Record extracts ->
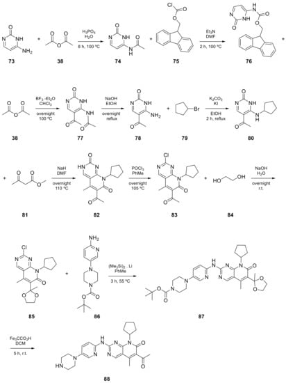 Palbociclib (88 in Scheme 10, Table 1, entry 10) is a breast cancer drug developed by Pfizer. This is a piperazine pyridopyrimidine that plays a role in the cell cycle mechanism. Pyridopyrimidine referenced as a second-generation cyclin-dependent kinase inhibitor. It can be used as an endocrine-based chemotherapy drug in combination with other anti-tumor drugs to treat HER2-negative and HR-positive advanced or metastatic breast cancer.
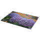 Esta tabla de corte de vidrio presenta flores de hidrangea violeta con un toque impresionista.
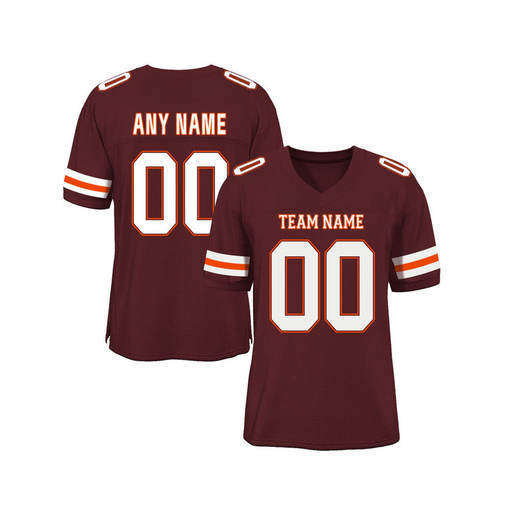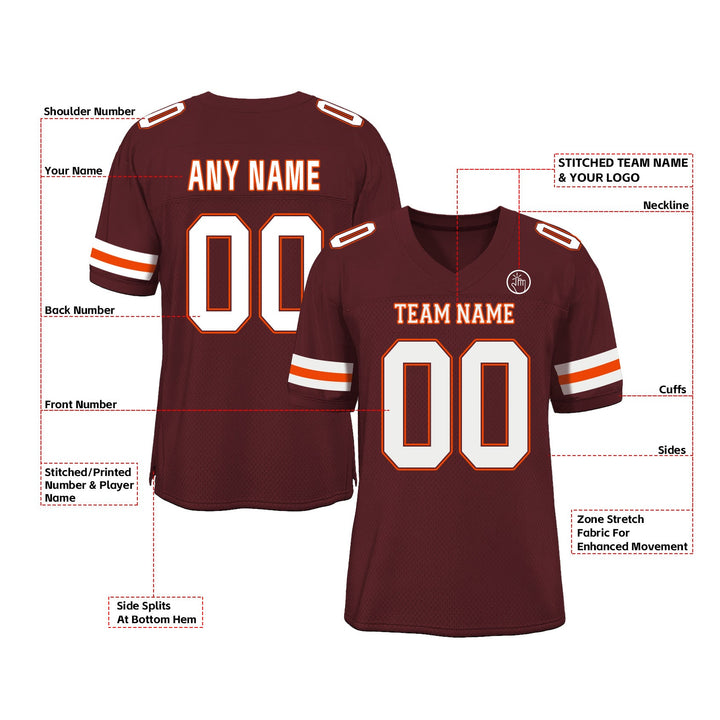 Custom Burgundy White-Orange Mesh Classic Style Authentic Sports Football Jersey
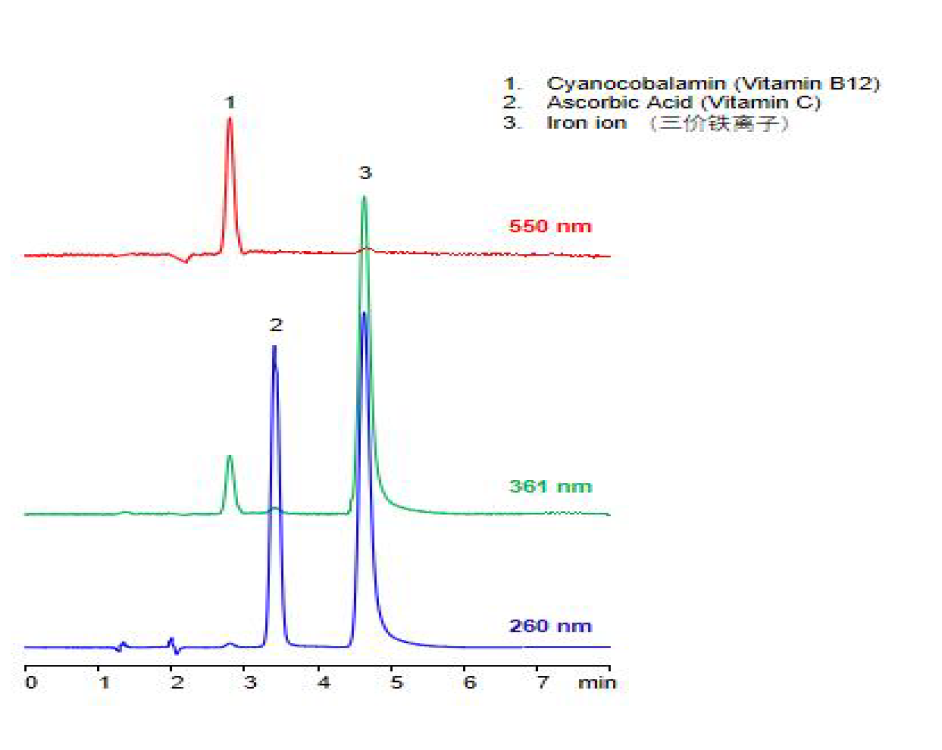 App ID: FLM-C250009 Comixsil HAX 對保健品配方中維生素C、維生素B12 以及硫酸亞鐵的HPLC-UV 法測定 色譜柱:Comixsil HAX 3u 150*2.1mm (貨號:FMF-HAX3-BONU) 方法:100ml 乙腈+600ml 水+300ml 100mM 甲酸銨(pH4.1) 流速:0.2 mL/min 檢測:260nm、360nm 和550nm 樣品濃度:維生素B12 0.005 mg/mL、維生素C 0.1mg/mL、三價(jià)鐵離子0.05mg/mL、EDTA 0.15mg/mL 進(jìn)樣量:1 μL
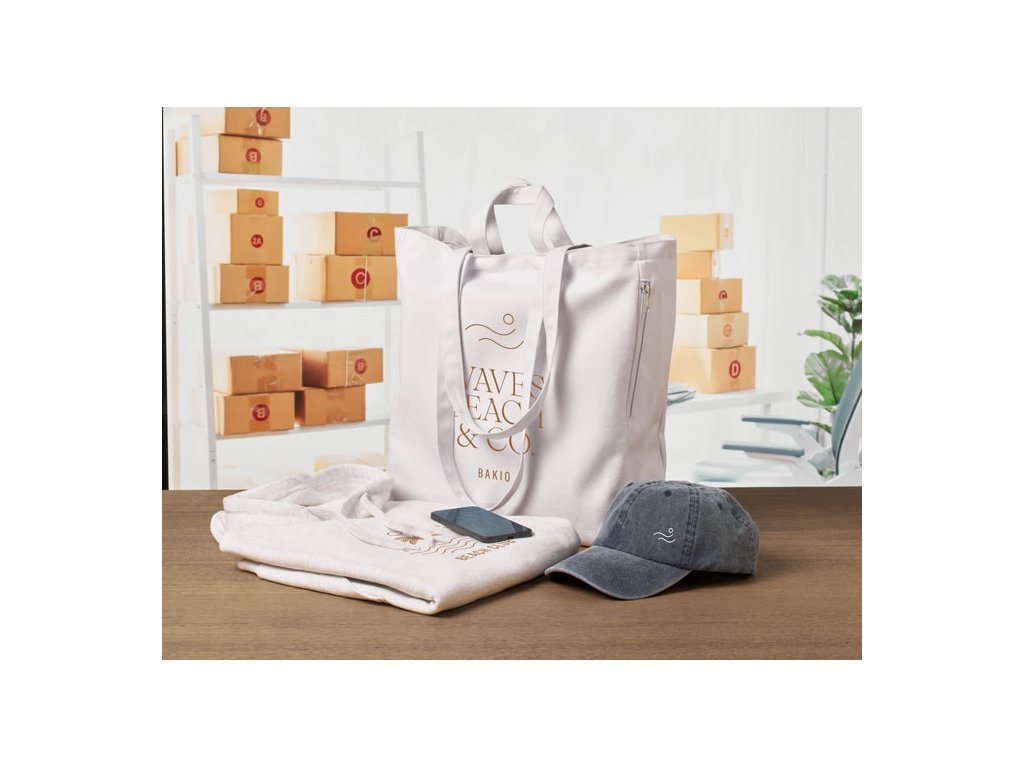Nákupná alebo plážová taška z recyklovanej polybavlny (70 % recyklovaná bavlna, 30 % recyklovaný polyester) s krátkymi a dlhými rúčkami. Má bočné vrecko na zips. Gramáž 380 g/m2.
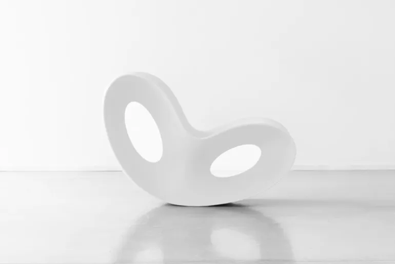 Voido is a modern rocking chair designed for Magis by Ron Arad in 2006. This sculptural and distinctive rocking chair is made of rotational-molded polyethylene. Voido is suitable both for indoor and outdoor use, and it has a timeless, matte white coating.
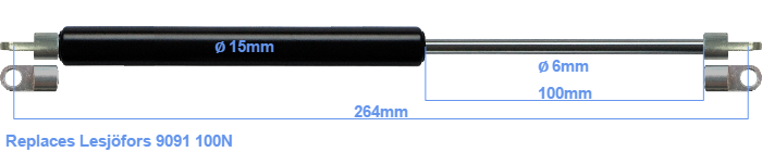 The diameter of the cylinder of this gas spring is 15 mm. The diameter of the rod is 6 millimeter. The stroke (the retracting part) has a length of 100 mm. In total, the length is 264 millimeter. Attention: this is the length between the centers of the mounting parts. The distance from thread to thread (without mounting parts) is 232 mm. This replacement gas spring has a force of 100 Newton. Attention: this is not an official Lesjöfors gas spring, but a replacement gas spring. HAHN Gasfedern, a Stabilus subsidiary, is responsible for the production of this replacement gas spring. The gas spring has the brand HAHN. The force (100 N) and dimensions are almost identical to the original.
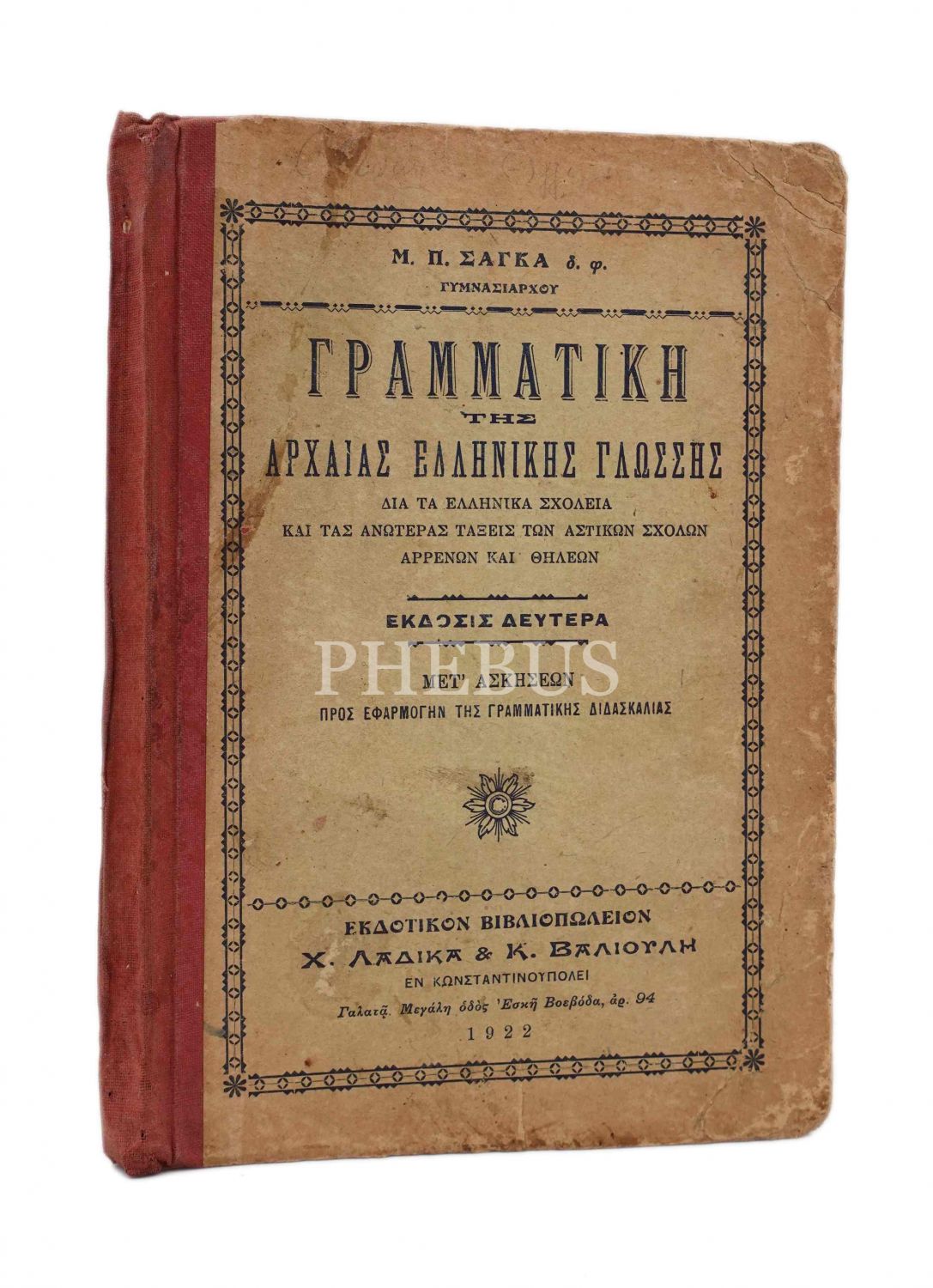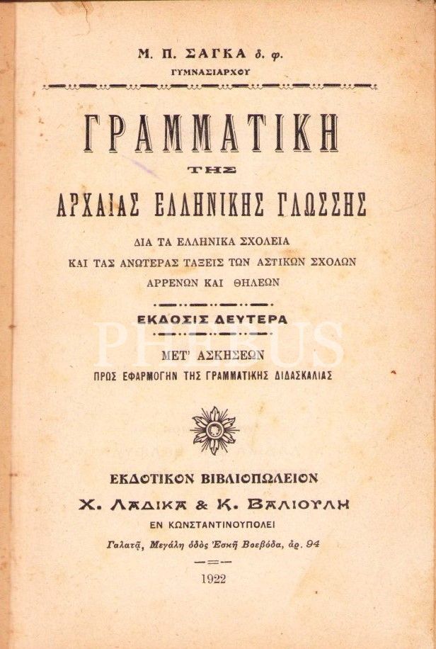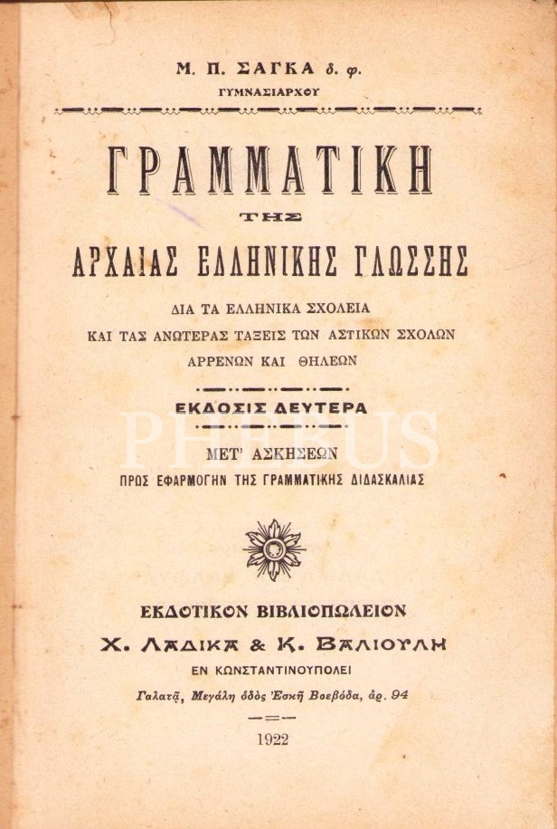 Γραμματικη της Αρχαιας Ελληνικης Γλωσσης(Antik Yunan Dili Dilbilgisi),M.P.Saga, Ladika-Valiuli Yayınevi, 2.baskı, İstanbul 1922, 271 sayfa, 14x20 cm
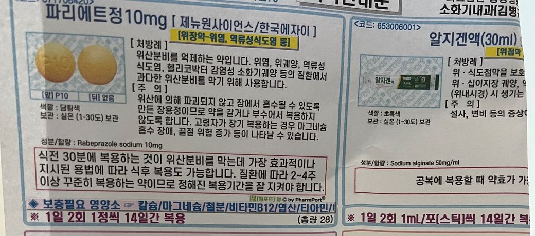 역류성식도염 약으로 받은 파리에트정과 알지겐액을 마그밀과 함께 먹어도 될까요? 파리에트정 1알, 알지겐액 1포이고 마그밀은 2알 먹으려고 해요. 혹시 시간을 두고 먹어야 한다면 몇 시간일까요?
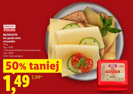 MLEKOVITA Ser gouda mini, w kawalku 100 g 50% taniej
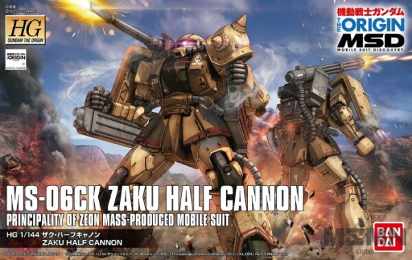 The Zaku Half Cannon from “Mobile Suit Gundam – The Origin MSD” makes its High Grade kit debut! Its characteristic 180mm cannon and gatling gun are included, and you can also hook up the twin big guns to the backpack. It’s also got a Heat Hawk in both deployed and stored form. Foil stickers are provided for the markings.
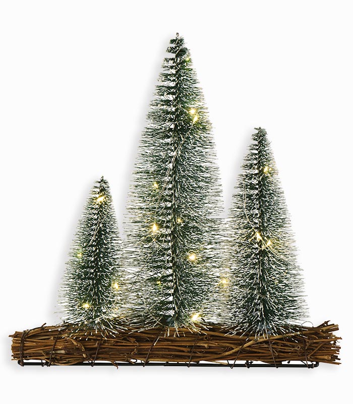 Décoration 3 sapins verts légèrement blanchi sur base en fagots avec éclairage 20 LED
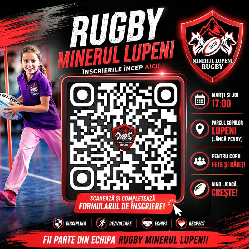 Momentul formării primului lor de jucători ai nou-înființatului Rugby Club (RC) Minerul Lupeni va fi matrcat printr-o festivitate care va avea loc loc joi, 23 aprilie, începând cu ora 17, în Parcul Copiilor de la Bărbateni. Aici sunt invitați să vină toți copiii (fete și băieți) care doresc să descopere magia balonului oval și să facă parte din acest proiect care reînvie tradiția sportului cu balonul oval la Lupeni. Părinții sunt încurajați să fie alături de micii viitori campioni, oferindu-le sprijinul necesar în această nouă aventură sportivă în care totul este gratuit.
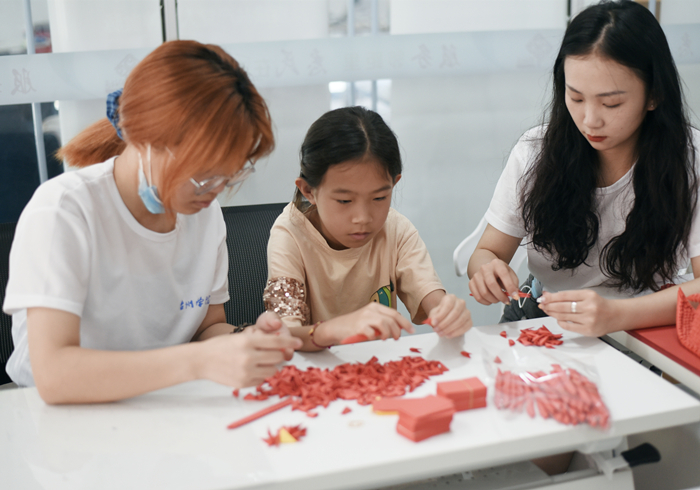 据介绍,该活动团队学生们立足专业特色,整合优势资源,围绕"红色精神纸上现"主题,采用剪纸、衍纸、折纸、手工钩针、布艺等艺术形式,教授社区居民制作三角插红船、衍纸中国地图、建党百年剪纸、手工口金包等红色手工产品。

Your goal -> Up to and including the line with "Voido is a modern", copy the data above from its first line. Skip pictures.

Reply ->
 Palbociclib (88 in Scheme 10, Table 1, entry 10) is a breast cancer drug developed by Pfizer. This is a piperazine pyridopyrimidine that plays a role in the cell cycle mechanism. Pyridopyrimidine referenced as a second-generation cyclin-dependent kinase inhibitor. It can be used as an endocrine-based chemotherapy drug in combination with other anti-tumor drugs to treat HER2-negative and HR-positive advanced or metastatic breast cancer.
 Esta tabla de corte de vidrio presenta flores de hidrangea violeta con un toque impresionista.
 Custom Burgundy White-Orange Mesh Classic Style Authentic Sports Football Jersey
 App ID: FLM-C250009 Comixsil HAX 對保健品配方中維生素C、維生素B12 以及硫酸亞鐵的HPLC-UV 法測定 色譜柱:Comixsil HAX 3u 150*2.1mm (貨號:FMF-HAX3-BONU) 方法:100ml 乙腈+600ml 水+300ml 100mM 甲酸銨(pH4.1) 流速:0.2 mL/min 檢測:260nm、360nm 和550nm 樣品濃度:維生素B12 0.005 mg/mL、維生素C 0.1mg/mL、三價(jià)鐵離子0.05mg/mL、EDTA 0.15mg/mL 進(jìn)樣量:1 μL
Nákupná alebo plážová taška z recyklovanej polybavlny (70 % recyklovaná bavlna, 30 % recyklovaný polyester) s krátkymi a dlhými rúčkami. Má bočné vrecko na zips. Gramáž 380 g/m2.
 Voido is a modern rocking chair designed for Magis by Ron Arad in 2006. This sculptural and distinctive rocking chair is made of rotational-molded polyethylene. Voido is suitable both for indoor and outdoor use, and it has a timeless, matte white coating.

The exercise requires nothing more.